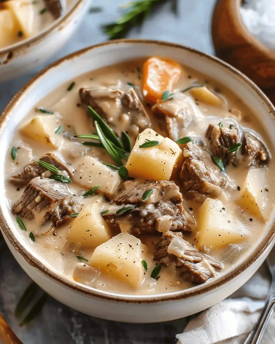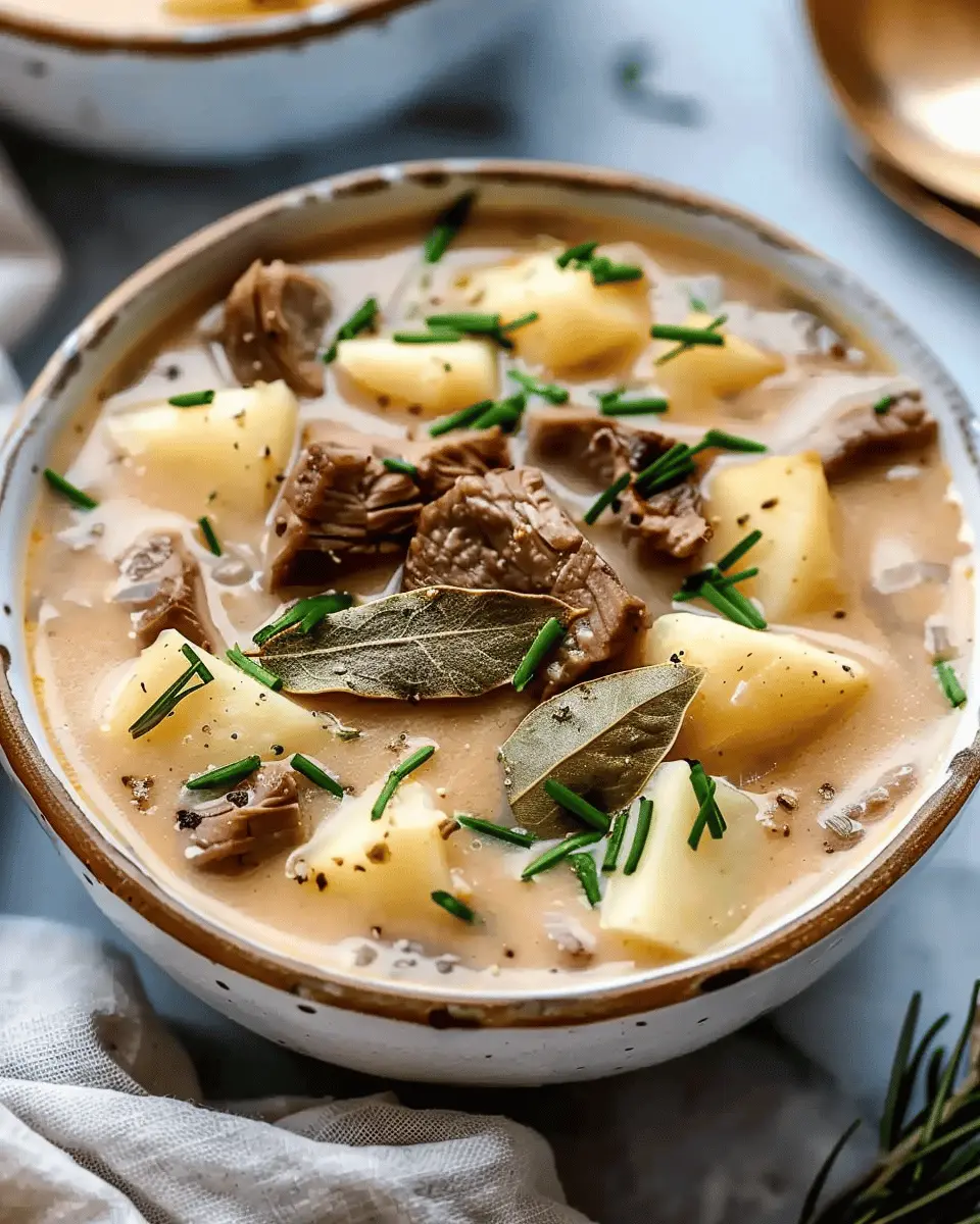 A rich and hearty soup combining tender steak and creamy potatoes, perfect for a comforting meal.
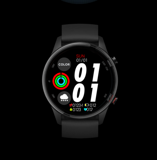 数据项齐全,大数字显示,看时间方便,配有进度条,最外圈心率,接着步数,接着卡路里。有具体月份日期!
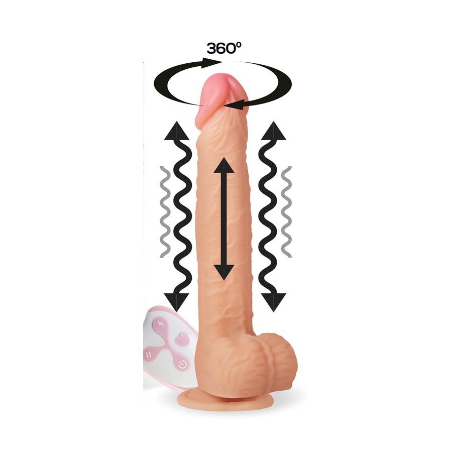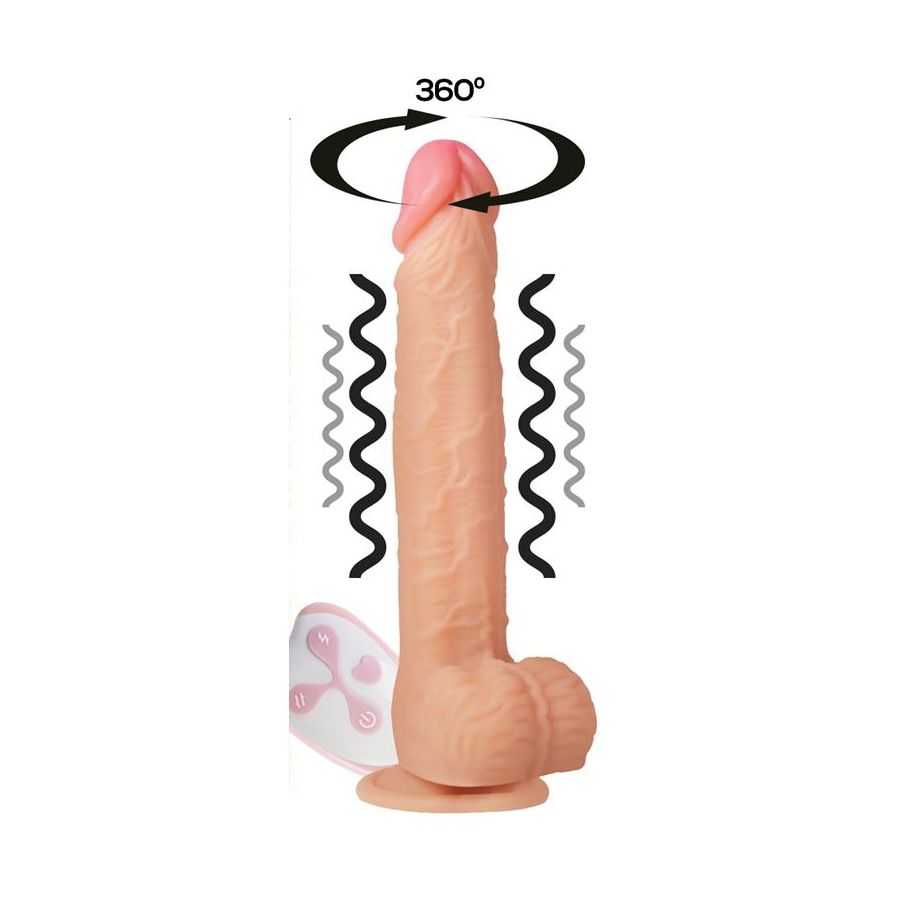 Gode vibrant et rotatif avec bourses et base ventouse.
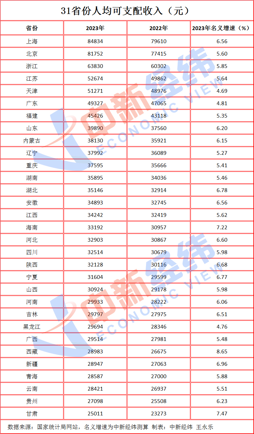 中新经纬1月20日电 (王永乐)2023年31省份人均收入榜出炉。国家统计局19日公布的2023年居民人均可支配收入数据显示,上海、北京、浙江稳居前三,上海和北京更是携手首超8万元;西藏名义增速最高。你家乡排第几?

★ ★ ★ ★ ★ ★ ★

### TASK TO COMPLETE
Set down, word for word, the full listing above, and carry over no pictures.

### ANSWER SPACE
 A rich and hearty soup combining tender steak and creamy potatoes, perfect for a comforting meal.
 数据项齐全,大数字显示,看时间方便,配有进度条,最外圈心率,接着步数,接着卡路里。有具体月份日期!
 Gode vibrant et rotatif avec bourses et base ventouse.
 中新经纬1月20日电 (王永乐)2023年31省份人均收入榜出炉。国家统计局19日公布的2023年居民人均可支配收入数据显示,上海、北京、浙江稳居前三,上海和北京更是携手首超8万元;西藏名义增速最高。你家乡排第几?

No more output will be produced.